Unsupervised machine learning is essentially an exercise in having computers “tell me something I don’t know”, as we noted in Legal AI Software: Taking Document Review to the Next Level. Computer algorithms are pointed at data. The algorithms organize that data based on patterns, similarities, and differences. The algorithms work on their own; they do not rely on people to train them. They can, however, learn from their own experience. Unsupervised machine learning can be used to identify entities as well as concepts and even images in documents and feed that information to legal teams.
An entity is a piece of data identified in Reveal by proper name. An entity can be a person, place, thing, event, category, or even a piece of formatted data such as a credit card number. In Reveal, entities can be merged automatically, for example pulling together multiple email addresses for a single person.

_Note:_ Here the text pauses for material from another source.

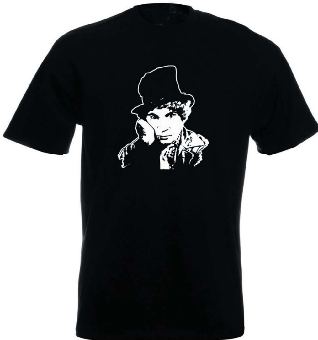
Harpo Marx. (K textu na stranách 16–19.)

VĚSTNÍK ŽIDOVSKÝCH NÁBOŽENSKÝCH OBCÍ V ČESKÝCH ZEMÍCH A NA SLOVENSKU
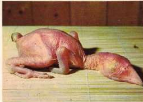
12 dagen oud

Entities are identified by the system when data is processed. Having identified an entity, the system then extracts information about that entity and makes it available for you to use as you review and analyze data.
By default, Reveal identifies over 21 entity types. If you want, you can enhance entity types already built into the platform. You also can create custom entities using Reveal’s training tools.

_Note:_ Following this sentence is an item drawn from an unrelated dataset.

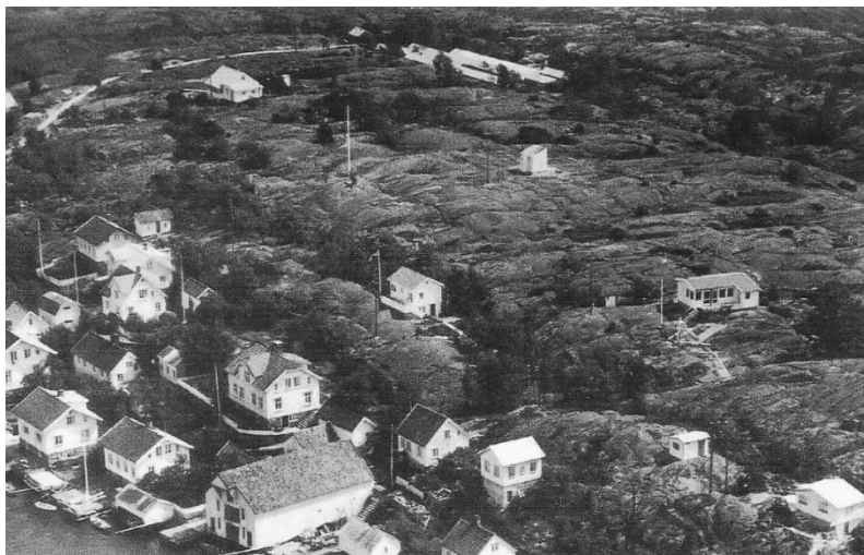
Flyfoto over Lyngør der minkfarmen sees øverst.

I et intervju med Arbeiderbladet i 1961 fortalte han at han hadde gravd etter gull og studert inkaenes hemmeligheter. Han fortalte også at i stua i sin heim hadde han bilder av inkaindianere som han hadde vært nære venner med. Han hadde også gode venner blant jevnaldrene peruanere i byen, og hadde til og med vært faddere til to barn.

Entity Extraction in Action: Get to know your witnesses
One powerful way to work with entities is via Reveal’s baseball cards and All Activity Pages. These give you quick access to information about people you might be interested in.

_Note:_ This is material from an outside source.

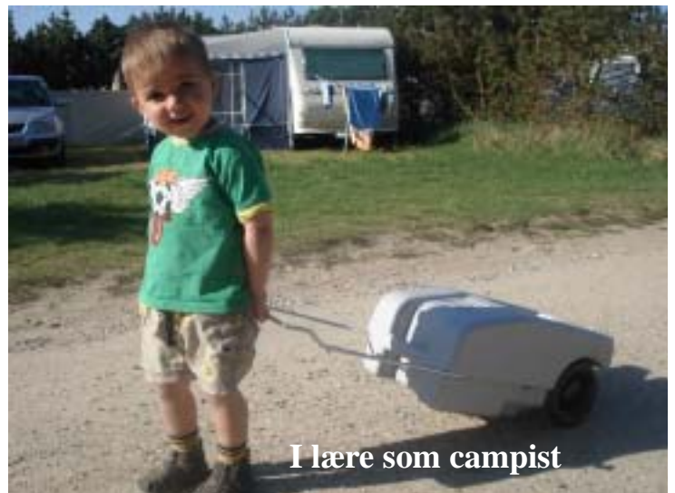
I lære som campist

To get to a baseball card, go to an individual. You can accomplish this in various ways. You can perform a search. You might select an individual from the Communication facet. You might click on an icon in the communication view. There are other paths you can take, as well, to get to an individual.
This brings up the individual’s baseball card, shown in greater detail below.
With that baseball card, you immediately start to learn useful information about the individual.
In the upper portion of the baseball card, you can see basic information:
- Name: At the top of the card is the name by which that person most frequently appears in the data (in this example, Vince J Kaminski).
- Email address: Immediately below is the person’s most frequently used email address (firstname.lastname@example.org) as well as the total number of email addresses associated with that individual (55).
- Topics: Next are shown the three topics, or concepts, that appear most frequently in communications associated with that person (here, meeting, model, and energy).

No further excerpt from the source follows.